I was trying to be a big girl, delighting in the cool air, wrapping my scarf a little more tightly, and smiling at sparkling-eyed kids watching the parade. It was enjoyable. To a point. But mostly I was keenly aware of my NOT being with someone and the way that made me feel. I stepped outside myself, observing my feelings of discomfort, and found that it was hard to be familiar with my alone self.
I wasn't a mommy, for the moment, which is my ever-present definition most hours of every day. I wasn't even a wife or friend or daughter to anyone present. I was just me, under the stars. My heart searched for a comfortable, settled understanding of just me, like when I lie in the sand and need to wiggle my own form into it first.
While I sorted through this state of being alone, I realized, again, that we were made to love and be loved. Relationship is stamped into our very being. It is a thread of need that we cannot remove. The thread can only be severed, leaving loose ends, and the sting of a promise broken.
But Jesus, Emmanuel, whose name means "God WITH us," came to us when we were alone. And in need. And stinging and broken. Our mistakes kept us severed from God. The earth shuddered with a plea: O Come O Come, Emmanuel. And His love for us welled up into a great crescendo of the cries of a laboring mother, and a birth. He came. To live and die, in order to heal our thread of relationship with Him.
When I am alone, under the stars, with no one else to define me, Emmanuel does. My relationship with my Father is what defines me. And not just when I'm alone, but that definition supersedes all the others, every day, when I let it.

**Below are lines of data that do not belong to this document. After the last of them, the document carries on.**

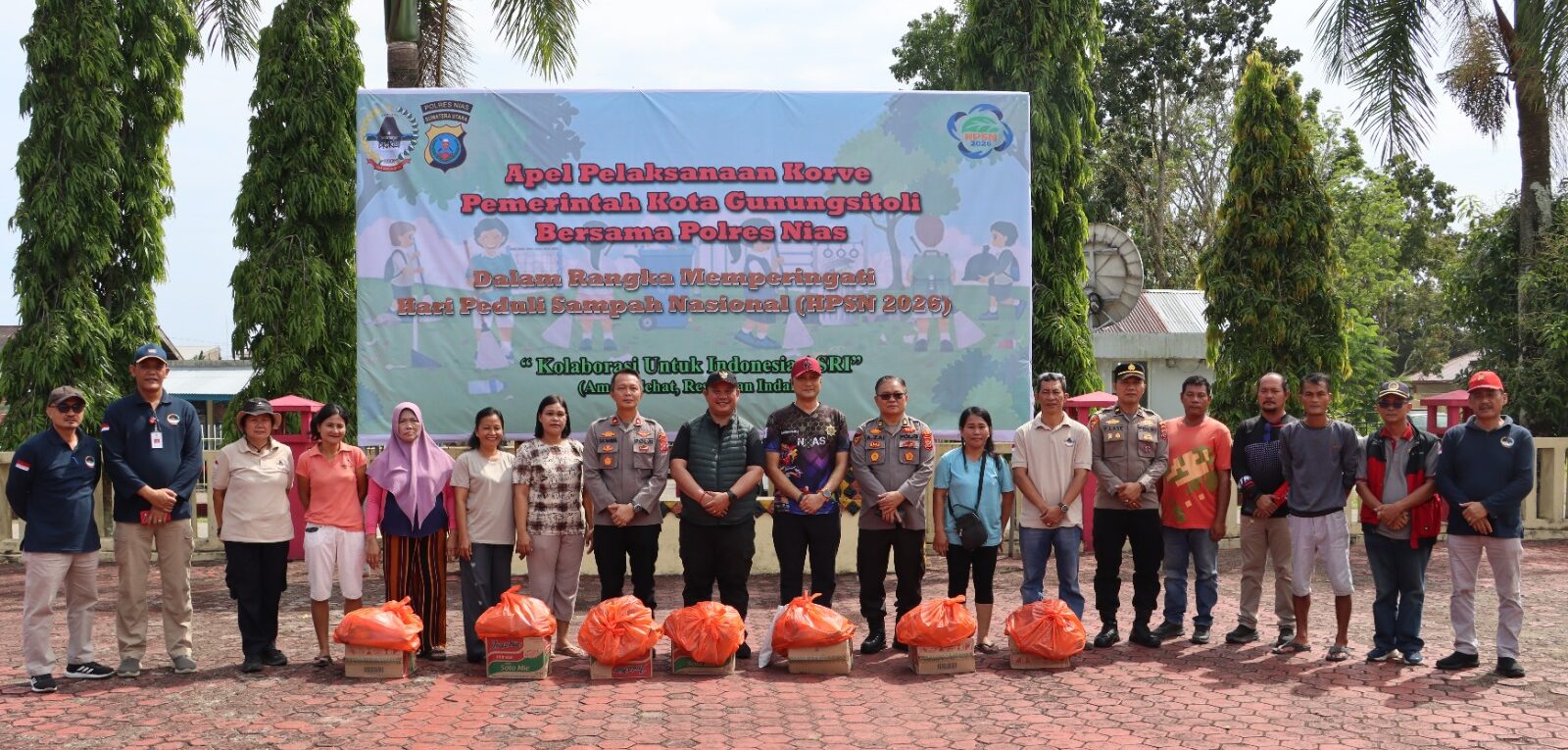 Gunungsitoli, Amadanews.com – Dalam rangka memperingati Hari Peduli Sampah Nasional (HPSN) Tahun 2026, Polres Nias bersama Pemerintah Kota Gunungsitoli melaksanakan Apel Pelaksanaan Korve Bersama di Halaman Mapolres Nias, Jumat (06/03/2026).
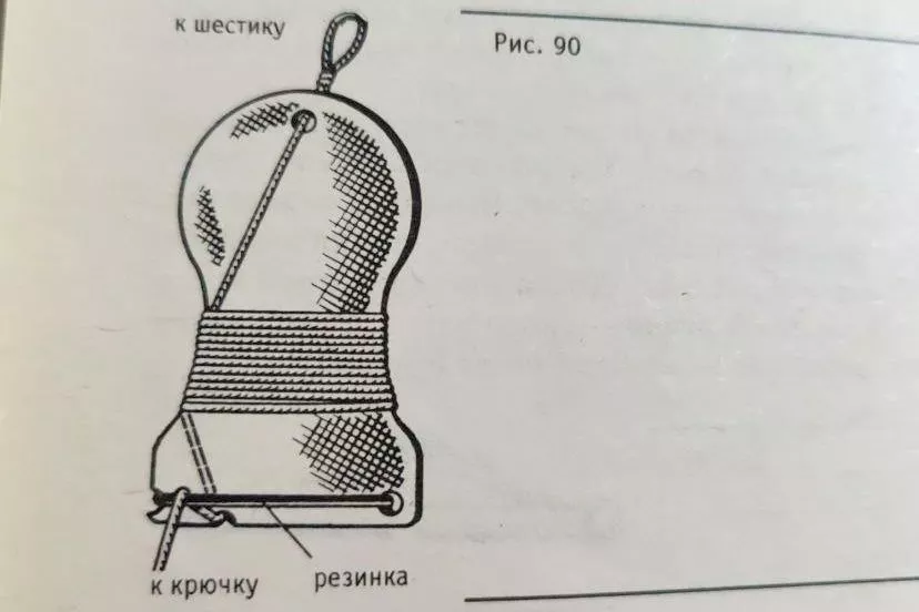 На лепестке должно быть намотано 6 – 8 метров лески. Один ее конец с петелькой пропускают в верхнее отверстие. Другой после намотки лески прикладывают к нижнему срезу лепестка и захлестывают резинкой. На леске закрепляют груз, металлический поводок с живцом.
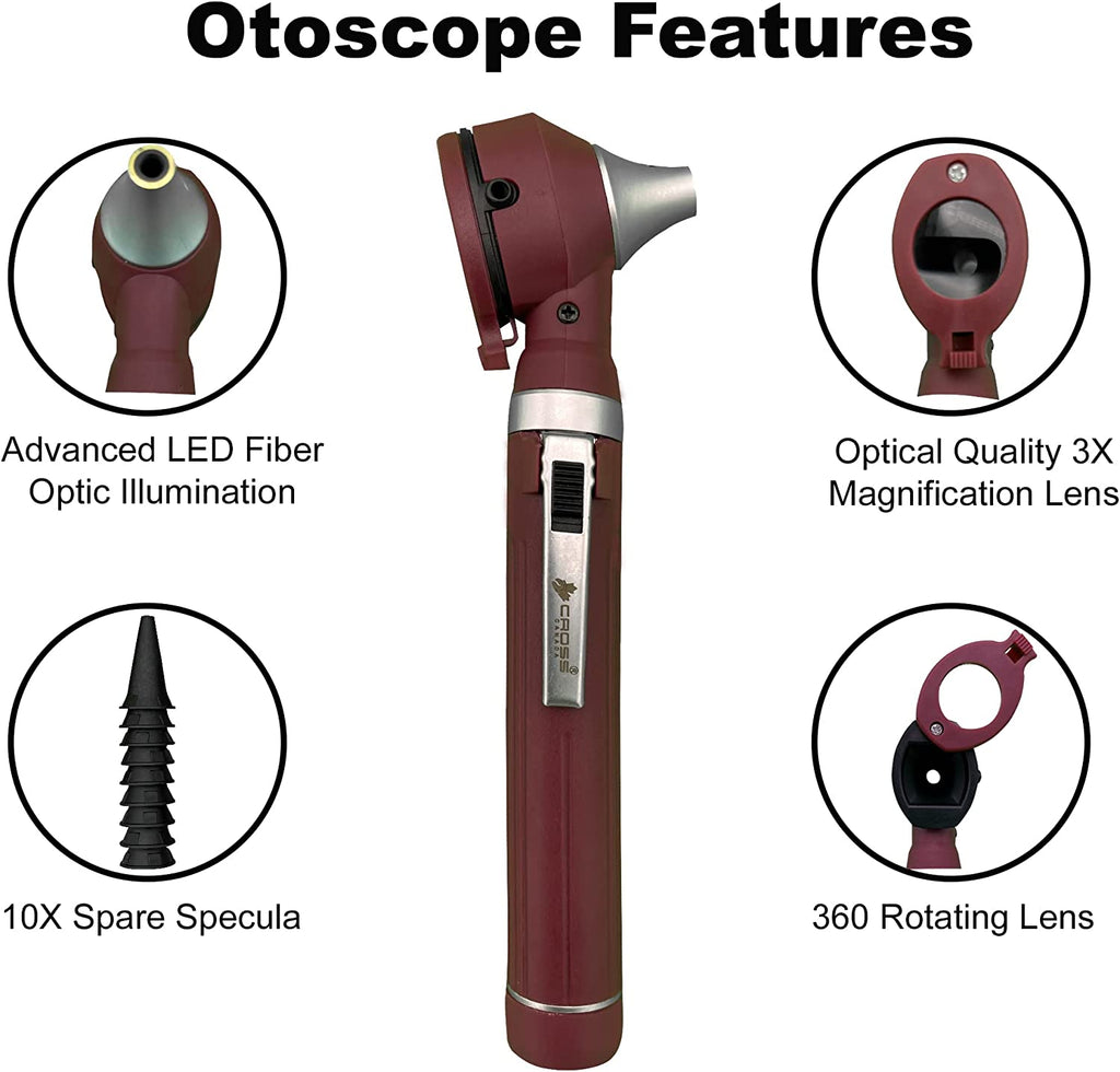 Cross Canada 11-091 Physician Fiber Optic LED Pocket Otoscope Diagnostic Set, Burgundy
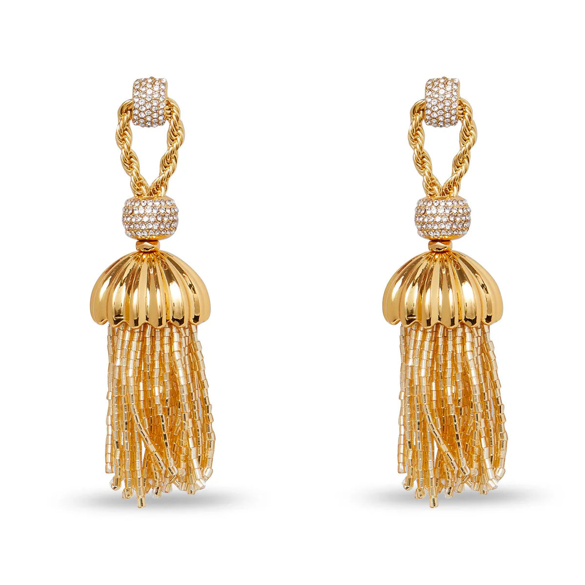∙ Strands of dangling gold glass beaded fringe suspended from a 14K gold-plated scalloped umbrella dangling from a rope casted looped through a pave-studded post
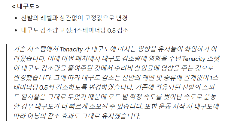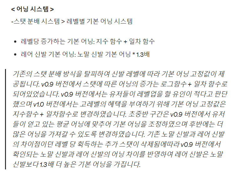 사실 스탯 시스템이 있으면 운영자도 힘들 것이다. 또한 공식 자체가 어렵기 때문에 하나의 값을 바꾼다고 해결될 문제가 아니었다. 또한 유저도 어떤 스탯을 찍어야 하는지 진짜 찍어 먹어봐야 알 수 있는 문제가 좀 있었다. 다만 스탯은 초기화가 불가능해서 테스트로 내 신발을 마루타로 찍고 싶어하는 사람은 없을 것이다.
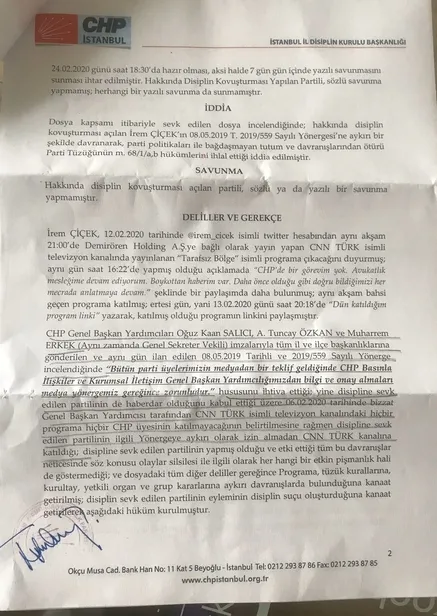 Evde kalın uyarılarının geldiği bugünlerde CHP İstanbul İl Disiplin Kurulu'nun aldığı CNN kararı bugün elime ulaştı. Karara muhalefet şerhi düşen meslektaşlarıma teşekkür ederim. CHP Yönetimi, İstanbul İl Yönetiminin talebi ve Disiplin Kurulu'ndaki bazı isimlerin verdiği bu karar yok hükmünde olmaya muhtaçtır.
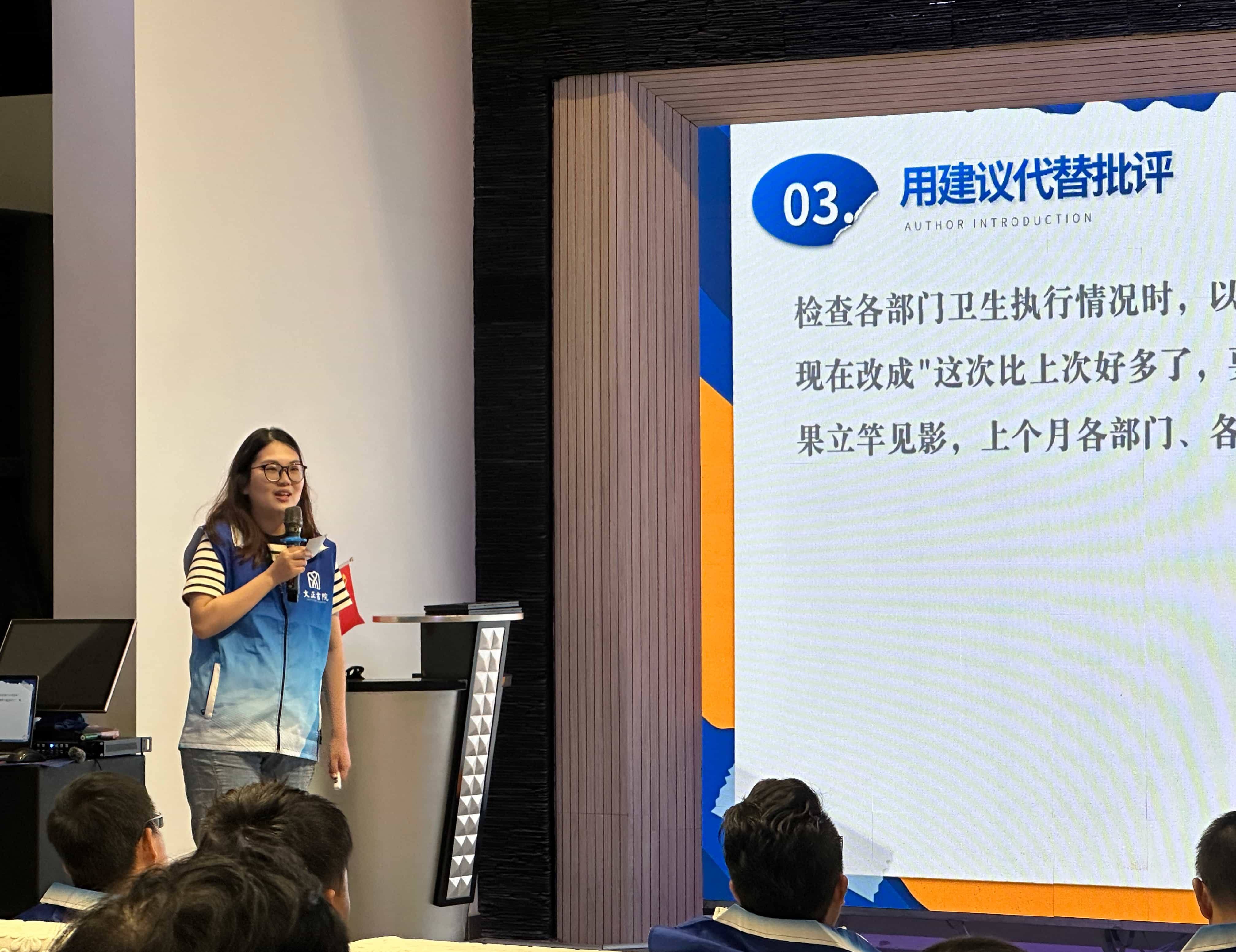 在主题分享环节,公司高管结合自身经验,为员工带来实用职场锦囊。耿总以“内部沟通技巧”为主题,通过真实案例解析职场沟通痛点,并现场教学“三明治沟通法”——以肯定开头、建议居中、鼓励结尾,帮助员工在批评与建议中实现温和高效的表达。

Phillipians 2:6-7 is not often considered a Christmas passage, but it's message certainly is:
Though he was God,
he did not think of equality with God
as something to cling to.
Instead, he gave up his divine privileges;
he took the humble position of a slave
and was born as a human being.
I don't think I would have made that trade - divine privileges for human flesh. In fact, I can't wait to trade in the opposite direction, when my days here are finished.
But He loves us. And so there is no where Jesus wouldn't go to be with us.
Grocery store, or parade, or cross.
No where he wouldn't go to be with me.
Frickin' Leslie. Sometimes the words you write make me cry. big tears. big time. the last 3 lines. dude.